Eu lhes disse, uma Entidade Evoluída, uma Entidade de Luz é a Força Direta de Jesus! Imaginem o privilégio que cada um de nós tem, de ter um Iluminado Mensageiro de Jesus a protegê-lo, a orientá-lo, a ajudá-lo nas dificuldades, no Trabalho Espiritual, nas manipulações, nas preces, nas obsessões. Mas para isso, nós precisamos estar com a mente no lugar. Não é um simples ato, é necessário uma consciência, e uma consciência segura, para que amanhã não haja uma decepção muito grande.

Não é Pai Seta Branca que castiga, não são as Entidades, mas estes “cobradores” fazem o papel, porque se o Médium sai do compromisso dele, sai do juramento dele, sai da conduta dele, vai passar a ser uma presa fácil.

Lidar com Espíritos meus irmãos, não importa se evoluídos ou não, não é brincadeira não! É algo muito mais sério do que os senhores possam pensar. Não brinquem meus irmãos!

Somos uma Falange, e temos grandes protetores que vivem junto a Jesus, que se esforçam em nos ajudar, mas nós ainda não perdemos aquela arrogância de encarnações passadas.

Vamos apanhar muito meus irmãos, mas muito, se não tentarmos realmente melhorar. Não é da boca pra fora, mas no coração meus irmãos. Tirar esta terra pesada que está em nossos corações.

Tivemos muitas encarnações na Terra. Já fizemos muita coisa ruim, mas também já fomos instrumentos de muitas coisas boas para a Humanidade. Mas isso não basta para a nossa evolução.

Vamos nos preocupar mais em nos Evangelizar, em nos Doutrinar. Temos esta mediunidade e temos a consciência de nosso compromisso, e nos foi proporcionado tudo que é possível para melhorarmos.

Cada um no seu estágio, cada um dentro das suas dificuldades, senão meus irmãos, nós não vamos conseguir, e é melhor, é muito melhor meus irmãos, que caia o véu do nosso rosto agora, e a gente enxergue a realidade, mesmo que seja decepcionante, porque aqui nós temos ainda a oportunidade de corrigir, de melhorar; do que isto acontecer quando chegarmos do outro lado, porque lá, a chance já é bem mais difícil.

Precisamos quebrar esse desamor que há dentro de nós, e isso Mestres, é só cada um consigo mesmo. Não tem outro jeito!

Falar, falar em   Jesus,  falar  no   Evangelho,  é  muito  fácil.  Agora, segui-lo e praticá-lo não meus irmãos! É muito simples, mas exige muito de nós, porque exige que nós quebremos tudo de mau que há dentro de nós... Não é nas outras pessoas, é em nós!
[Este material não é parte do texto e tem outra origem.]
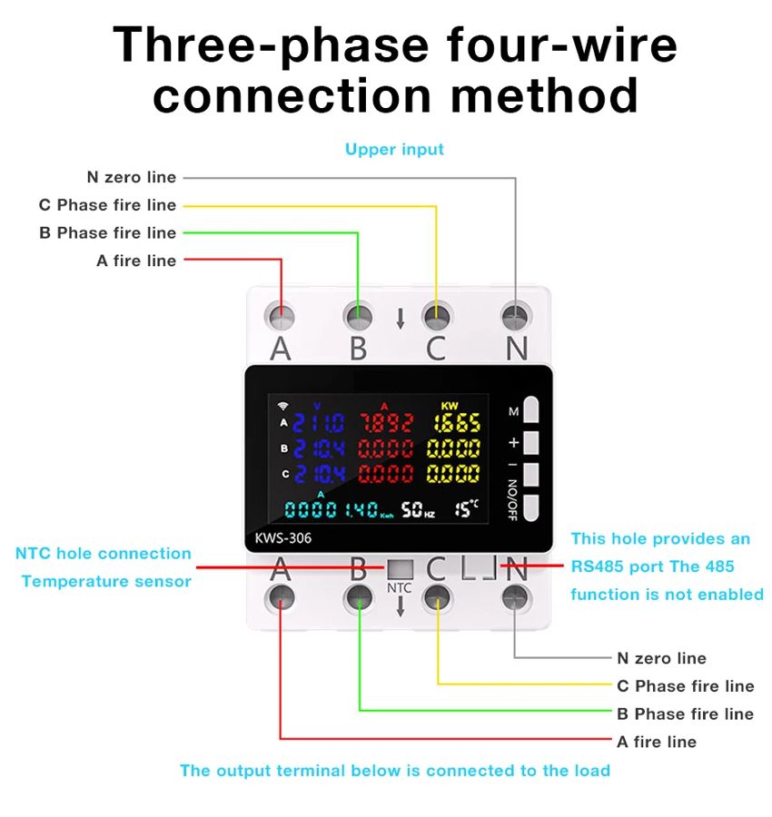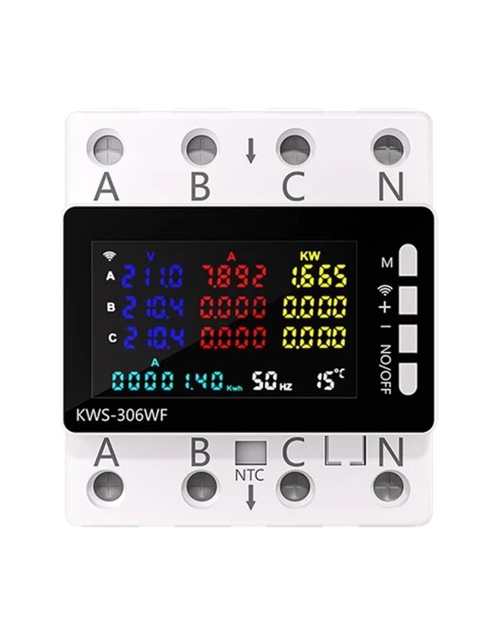 Измеритель энергии + реле напряжения 3 фазы 85-290В, Wi-Fi, 80А KWS-306WF
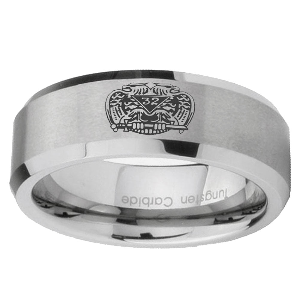 Style the 10mm Masonic 32 Degree Freemason Beveled Edges Matte Grey Tungsten CarbideRings for Men. This silver tungsten ring with Masonic 32 Degree Freemason design is perfect for men.

Não é escudado em Radares, em Títulos. Não Mestres! Isto é o Mestrado, isso não vai nos levar a nada se nós não acordarmos, não despertarmos dentro de nós.

Meus irmãos, se nós temos um equilíbrio, se nós temos um comportamento, uma conduta, nós realizamos grandes Trabalhos. Nós temos oportunidade de ajudar muita gente, e de receber ajuda.

O Espírito se liberta da Terra, chega numa Faixa Vibratória, mas ele vê que existem outras também, e ele chega na outra e vê que existem mais e mais. Este Universo de Deus Pai Todo Poderoso é muito grande. E sempre se busca a perfeição, um aprimoramento. Está na hora de nós buscarmos também!